Ирина сидела не поднимая глаз. Она была глубоко взволнована, ее так и подмывало сказать матери несколько резких слов, но сдерживал какой-то смутный страх, который она принимала за жалость. Потупившись, она ответила тихим, ровным голосом:
— Какой смысл ворошить прошлое? Лучше ты, мама, скажи, о чем хотела поговорить с нами.
Адина вновь начала плакать. Действительно, целесообразнее не говорить с ними о прошлом: она не в силах бороться с ними. Подобный разговор мог растянуться до бесконечности. Здесь нет Джеорджикэ, чтобы ее защитить, а эти двое просто неблагодарные эгоисты. Следовательно, разумнее всего сейчас же приступить к главному, но для этого необходимо предварительно их разжалобить.

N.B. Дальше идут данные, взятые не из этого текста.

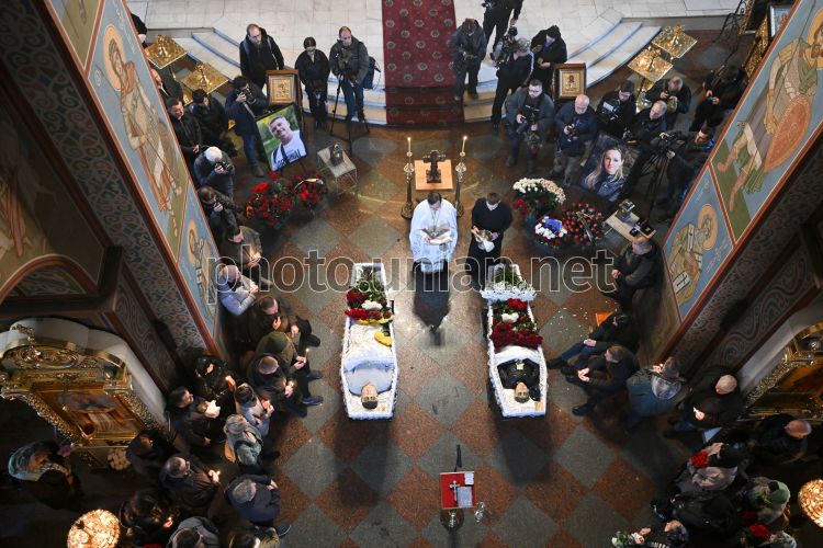 Церемония прощания с погибшими журналисткой и оператором телеканала FreeДом Еленой Губановой (творческий псевдоним - Елена Грамова) и Евгением Кармазиным в Михайловском соборе в Киеве, 27 октября 2025 г. Елена Губанова и Евгений Кармазин погибли от удара российского дрона в Краматорске. На прощание в Михайловском Златоверхом соборе собралось ориентировочно до 100 человек. Это родные, друзья и журналисты. Фото Ратынский Вячеслав / УНИАН

Дети, игравшие чуть подальше на ковре, подняли голову, пораженные ее плачем. Туту с любопытством уставился на бабушку, а Нина жалобно искривила личико и тоже начала хныкать. Испуганная Ирина быстро вскочила, подхватила девочку на руки, нежно обняла ее и усадила к себе на колени. Успокоившись, Нина начала играть ожерельем матери, а Туту, радуясь, что остался полным хозяином поезда, утащил его в соседнюю комнату и начал разбирать паровоз.
— Дети, — прошептала Адина, — мы должны обжаловать приговор суда по делу вашего отца!
«Ага, вот оно что, — подумал Санду. — Теперь я стал ее ребенком. Хочет впутать меня в историю с уважаемым господином Джеорджикэ! Покорно благодарю, я даже своему отцу не разрешаю навещать нас, авось все забудут, что я сын полковника, уволенного в отставку; я не знаю, как приобрести полезные знакомства, сблизиться с теми, кто нынче хорошо котируется; мне становится дурно, когда Иринина мать входит в наш дом; я был счастлив, что первый процесс состоится в другом городе, а теперь она хочет вмешать меня в свои затеи, в новый процесс! Нет, сударыня, ничего не выйдет, просчитались!»
— Если вы хотите обжаловать приговор, мы можем вас только поздравить. Это вполне естественно: каждая жена обязана обжаловать приговор.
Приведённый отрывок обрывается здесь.